The amount of charge generated by the photosensor 21 corresponds to the intensity of light impinging on the photosensor 21, for a given integration time. Accordingly, it is important that all of the light directed to the photosensor 21 impinges on the photosensor 21 rather than being reflected or refracted toward another photosensor (known as optical crosstalk).
For example, optical crosstalk may exist between neighboring photosensors in a pixel array. In an ideal imager, light enters only through the surface of the photosensor that directly receives the light stimulus. In reality, however, some light intended for one photosensor also impinges on another photosensor through the sides of the optical path existing between a lens and the photosensor.
Optical crosstalk can bring about undesirable results in the images produced by the imager. The undesirable results can become more pronounced as the density of pixels in the imager array increases, and as pixel size correspondingly decreases. The shrinking pixel sizes and greater pixel density make it increasingly difficult to properly focus incoming light on the photosensor of each pixel without accompanying optical crosstalk.
Optical crosstalk can cause a blurring or reduction in contrast in images produced by the imager. Optical crosstalk also degrades the spatial resolution, reduces overall sensitivity, causes color mixing, and leads to image noise after color correction. As noted above, image degradation can become more pronounced as pixel and related device sizes are reduced. Furthermore, degradation caused by optical crosstalk is more conspicuous at longer wavelengths of light. Light having longer wavelengths penetrates more deeply into the silicon structure of a pixel, providing more opportunities for the light to be reflected or refracted away from its intended target photosensor.
Electrical crosstalk may also occur when the photogenerated signals migrate through the silicon between pixels, and are collected at the wrong photodiode. Electrical crosstalk becomes more pronounced as pixel size decreases, and for longer wavelength light.
FIG. 2 illustrates the problem of optical and electrical crosstalk in a conventional frontside illuminated imager. A conventional frontside illuminated imager includes an array of pixels. For simplicity, a cross section of a single pixel 2 is illustrated. Pixel 2 has, for example, photodiodes, formed within a substrate 41. FIG. 2 also illustrates a metallization and interlayer dielectric layer 51 in contact with the substrate 41. A nitride layer 91, color filter array layer 96, and microlens 97 are also provided. Ideally, incoming light 13 should stay within a photosensor optical path 12 when traveling through a microlens 97 to a respective photosensor of the pixel 2. However, light 13 can be reflected within the respective layers of the imager and at the junctions between these layers. The incoming light 13 can also enter the pixel at different angles, causing the light to be incident on a different photosensor. Loss of the incident light 13 as it travels through the various layers also decreases the quantum efficiency of the device.

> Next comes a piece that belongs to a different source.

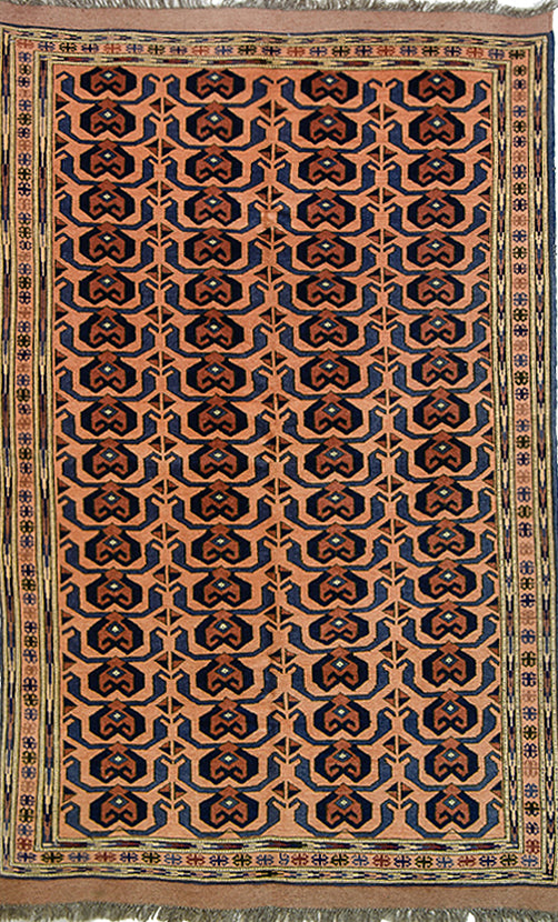 Enjoy traditional patterns and colors with this Turkman tribal rug. A simple tribal pattern common to the Turkman style repeats to perfection throughout the rug. The effect adds space and dimension to any room it's displayed. This Persian rug features traditional shades of red, orange, and blue. Abstract border detail completes the rug with a unique look. Handwoven by talented Turkman artisans, this authentic Persian rug is bursting with quality detail. The hand-knotting technique ensures the wool rug resists wear and tear. The wool material allows this rug to hold up to years of everyday use. Bring this home, and you'll enjoy the traditional elegance for years.

As noted, electrical crosstalk may also occur between pixels when photogenerated electrons migrate through the silicon layers. The thicker the silicon layers are, the greater space and opportunity for such migration to occur. However, thicker silicon layers provide greater overall structural stability to a device containing a pixel array.
Accordingly, there is a need and desire for an improved apparatus and method for reducing crosstalk and related electrical interference in imaging devices, without compromising structural stability. There is also a need to more effectively and accurately increase overall pixel sensitivity and provide improved crosstalk immunity without adding complexity to the manufacturing process and/or increasing fabrication costs. There is also a need to increase quantum efficiency. It would further be beneficial to provide an imager device having wafer level packaging.